Unwinding the floss, I continued, “But then, I always hated my mother for making me perform.  All the stomach aches, stage fright, obsessing about the mistakes I made in front of the whole world!  No, it’s better this way.  I’m happy that she doesn’t have to suffer through all that and I’m relieved that I don’t have to stress about her performing.”

Thomas just shook his head, “You are so confusing!”

When I picked Kyra up from school on Thursday, she grabbed my hand and asked, “Mommee, how come my friends got to play the piano and I don’t?”

“Do you want to ask your teacher?”

“Okay!” She pranced off to her teacher’s side.  I helped her get the words out and nearly shriveled when I heard the teacher say, “There was this big sign-up sheet in the front of the school.”

Before I could apologize, the teacher said, “You know what?  Robert decided not to do perform tomorrow, so if you want, you can have his slot.  Or even better, you can always play the piano during show and tell.”

Kyra drifted off while the teacher and I explored various options.  So when I put Kyra’s jacket on and asked her what she wanted to do, I was surprised to hear her say, “Play tomorrow.”

“You don’t have to if you don’t want to.”

“I want to,” she said without any hesitation and then chased after her brother.

That night, she ordered all of us to sit down and be her audience.  On her first run through the song, I heard a few mistakes and tried to play along, but she snapped at me, “No, Mommee.  Don’t touch the piano. Now, sing.”

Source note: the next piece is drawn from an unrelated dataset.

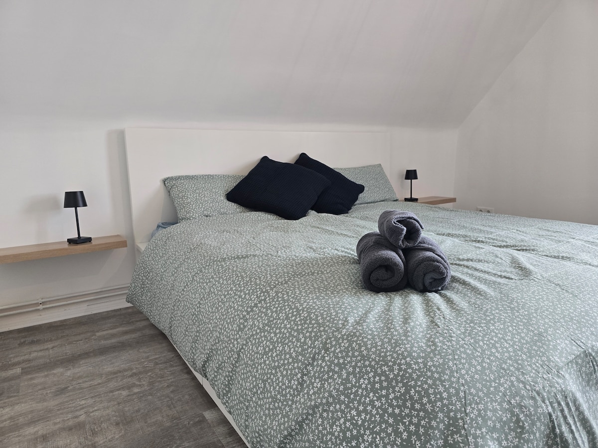 Die Dachwohnung verfügt über einen Wohnbereich inkl. WLAN und Smart-TV, einen Schlafbereich für 2 Personen, ein Bad sowie eine kleine Küchenzeile. Eine komplette Küche mit Waschmaschine, Geschirrspüler, Backofen und Kochfeld steht im Keller zur alleinigen Verfügung. Im Garten befindet sich eine Sitzecke am Gartenteich inkl. Grillmöglichkeit. Stromtankstelle 50m entfernt. Supermarkt 10 Gehminuten entfernt. Bushaltestelle 2 Minuten. Entfernung Hildesheim 10 Minuten mit KFZ.

We tried.  But after a few attempts, she said, “I play by myself.” And that was that.  She ate her strawberries and said she was going to bed, “I’m ready.  I’m good.”

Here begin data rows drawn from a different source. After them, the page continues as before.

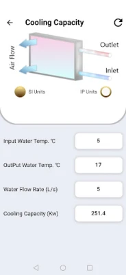 No need to wait till you go back to your computer to do the calculation… Cooling Capacity tool is providing all necessary calculations without the need of the any PC. Cooling Capacity tool will do the calculation for you for any input values are available for you…for example it can calculate the cooling load capacity if you have (inlet temperature, outlet temperature, & water Flow), also it can calculate water Flow if you have (inlet temperature, outlet temperature, & cooling capacity)… and so on. If you have any comments please don’t hesitate to contact Us. Yours: TALO tech team.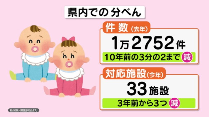 新潟県によりますと、2022年の分娩件数は1万2752件で10年前の3分の2まで減少していますが、現在分娩を受け入れている県内の病院数は33施設で、医師不足の深刻さが覗えます。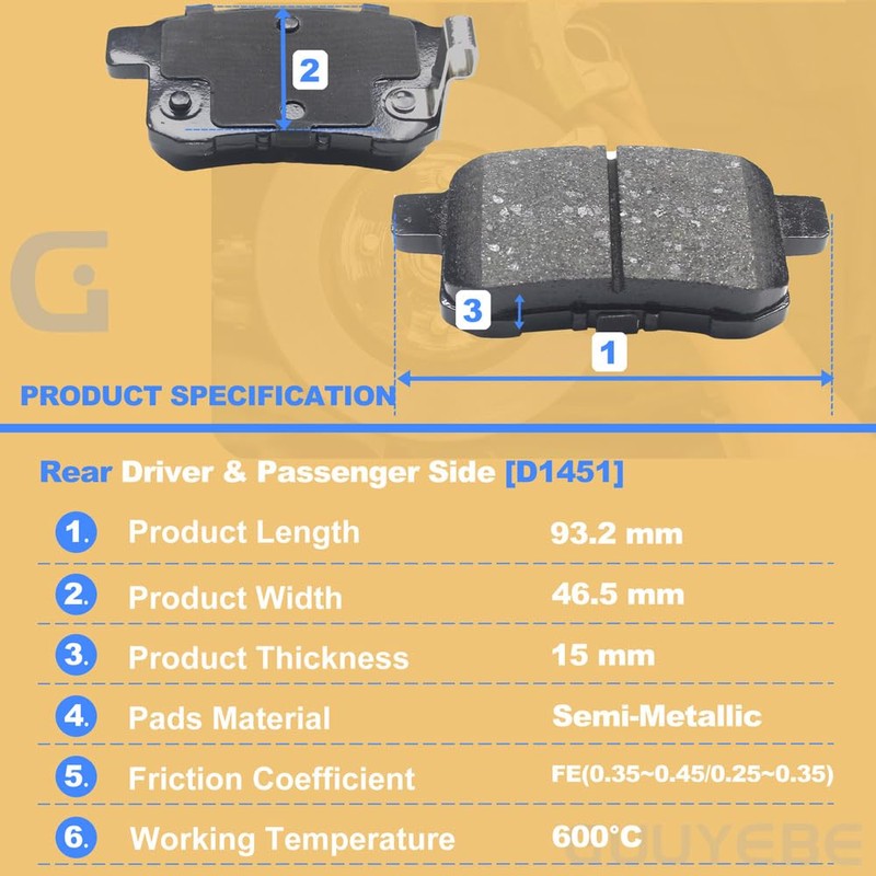 - GuuYebe Rear Brake Pads Kit includes: 4 PCS x Semi Metallic Rear Brake Pads

Thomas and I looked at each other with apprehension.  She had a tendency to start the song, stop, turn to her audience and say, “I made a mistake.”

In the morning, she practiced the song one more time repeating it three times.  I told her she only had to play it once, but she insisted, “No, I like three.”

Then, my baby girl was off to school and I didn’t see her until the show.  She lounged in her teacher’s lap, cool as a cat.  No fear.  Not even in need of any Mom or Dad hugs.

When the music teacher announced her surprise performance, she ran up to the piano and climbed onto the bench.  Then with legs swinging back and forth, she played it through once and paused to check out her audience.  Then repeated the song two more times.  The music teacher winked at me because we had talked right before the show and after hearing Kyra’s attitude the night before, she told me I was in trouble.  She said she was exactly like Kyra when she was little.

Kyra performing piano

Kyra finished off her performance with a flamboyant bow to the cheers and applause from her entire school.  I watched Thomas’ face and saw him beaming proudly at his daughter. I bet I was even more transparent.

We still can’t believe the chutzpah of this girl.  Whatever might be the source of her audacity, we agreed that this moment was one of our proudest parenting miracles.  The next morning, for the first time ever, she cleaned up her room without anyone asking!  Maybe kids innately know when they have achieved something on their own and it’s a major boost to their confidence?